I simulated two distributions y_1 and y_2, which are negatively correlated and tried to retrieve the negative value of the correlation with the stan model. When looking at the posterior distribution of the correlation parameter, I noticed a bimodal distribution:

library(cmdstanr)
library(dplyr)

#Simulate data
corr12=-1
df = data.frame(log_mu1=log(10),log_mu2=log(10),corr12=corr12,
                mu_corr = rnorm(100,mean=0,sd=abs(corr12))) %>% 
  dplyr::mutate(mu1=exp(log_mu1 + mu_corr),
                mu2=if_else(corr12<0,exp(log_mu2 - mu_corr),
                            exp(log_mu2 + mu_corr + log(n)))) %>% 
  rowwise() %>% 
  dplyr::mutate(y1=rpois(1,mu1),
                y2=rpois(1,mu2))

#plot of the two correlated Poisson distributions
df %>% 
  ggplot(aes(x=y1,y=y2))+
  geom_point()+
  xlim(c(0,100))+ylim(c(0,100))

data_list=list(N=dim(df)[1],
               y1=df$y1,
               y2=df$y2,
               inference=1)

#Stan model fit
mod3 <- cmdstan_model(paste0(code_root_path,"stan/test3_correlated_poisson.stan"))
fit <- mod3$sample(
  adapt_delta=0.99,
  iter_warmup=2000,
  data = data_list,
  chains = 4, 
  parallel_chains = 4,
  show_messages = TRUE,#FALSE,
  refresh = 100, # print update every 500 iters
)

#High rhat
fit$summary() %>% 
  arrange(-rhat)
#The correlation parameter is not well estimated
fit$summary(variables = c("sigma_eta"), "mean",~quantile(.x, probs = c(0.025, 0.975)))

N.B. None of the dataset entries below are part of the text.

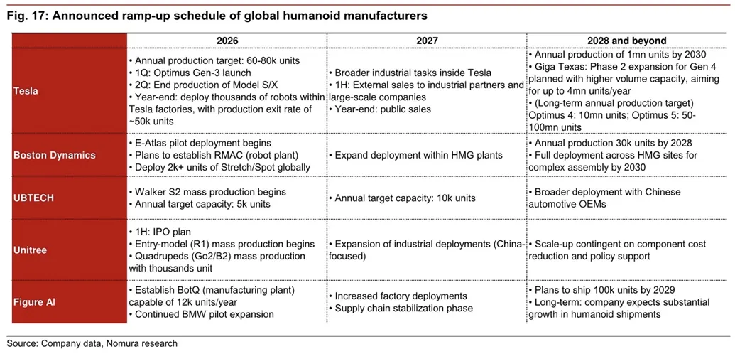 近期,野村发布了《Global Physical AI – Industrial scaling begins》的额深度报告。市场对人工智能能力的狂热追捧掩盖了工业制造的残酷现实。物理人工智能和人形机器人赛道的真正角逐早已跳出了代码与神经网络的象牙塔,执行层面的经济学规律正在无情地筛选最终的幸存者。制造规模的扩张能力、供应链的深度整合水平以及真实工业场景的即时部署条件,构成了决定胜负的核心法则。这场从实验室样机向无人工厂转移的产业剧变,赋予了那些拥有雄厚资本支撑和自有工业测试床的系统集成商以压倒性的结构性优势,彻底打破了纯技术初创企业能够轻易颠覆行业的浪漫幻想。跨越商业化死亡谷的唯一路径,在于直面并解决机械执行环节的标准化难题与成本压缩极限。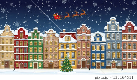 一幅北歐風格的聖誕插畫背景,描繪了聖誕老人的雪橇在夜空和滿月下飛翔,一排紅色的房屋和白雪皚皚的景色。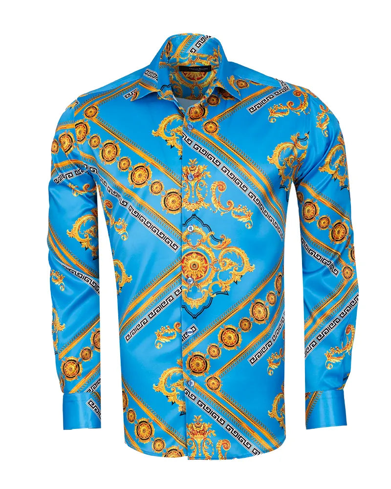 Introducing the Light Blue Baroque Chain & Paisley Print Men`s Shirt, a perfect blend of elegance and comfort. This shirt features a stunning Roman ornament print that adds a touch of sophistication to any outfit.

#Check posterior distributions between chains
d=fit$draws()[,,]
n_iter_per_chain = d[,1,1] %>% length()
d1=as.data.frame(ftable(d[,,grepl("sigma_eta",dimnames(d)[[3]]) &
                            !grepl("sigma_eta2|sigma_eta1",dimnames(d)[[3]])]))
d2=as.data.frame(ftable(d[,,grepl("loglik",dimnames(d)[[3]])]))
d3= full_join(d1 %>% dplyr::select(iteration,chain,sigma_eta=Freq),
          d2 %>% dplyr::select(iteration,chain,loglik=Freq)) 
#Posterior distribution of the correlation parameter
d3 %>% 
  ggplot(aes(x=sigma_eta)) + 
  geom_histogram()
#Two chains with low loglikelihood
d3 %>%
  ggplot(aes(x=sigma_eta,y=loglik,col=chain)) +
  geom_point()+geom_line()

This is because two chains are stuck in a local maximum. How to avoid this? I thought that warmup iterations would prevent this, but even when increasing their number of iteration, I get the same issue.

An alternative approach is using copulas, which ties together the marginal distributions directly (instead of the mean parameter). See Copulas for an example.

In addition to increasing the number of warmup iterations, have you tried changing other algorithm parameters? Since the loglik is quite different it seems like it’s really having trouble getting to a higher probability region, which shouldn’t be that difficult even for a moderately well-tuned sampler.

Thanks, this is a very good idea indeed. I will have a look.

No, I haven’t tried because I woudln’t know how to change these parameters and which ones I should adapt. Any suggestion?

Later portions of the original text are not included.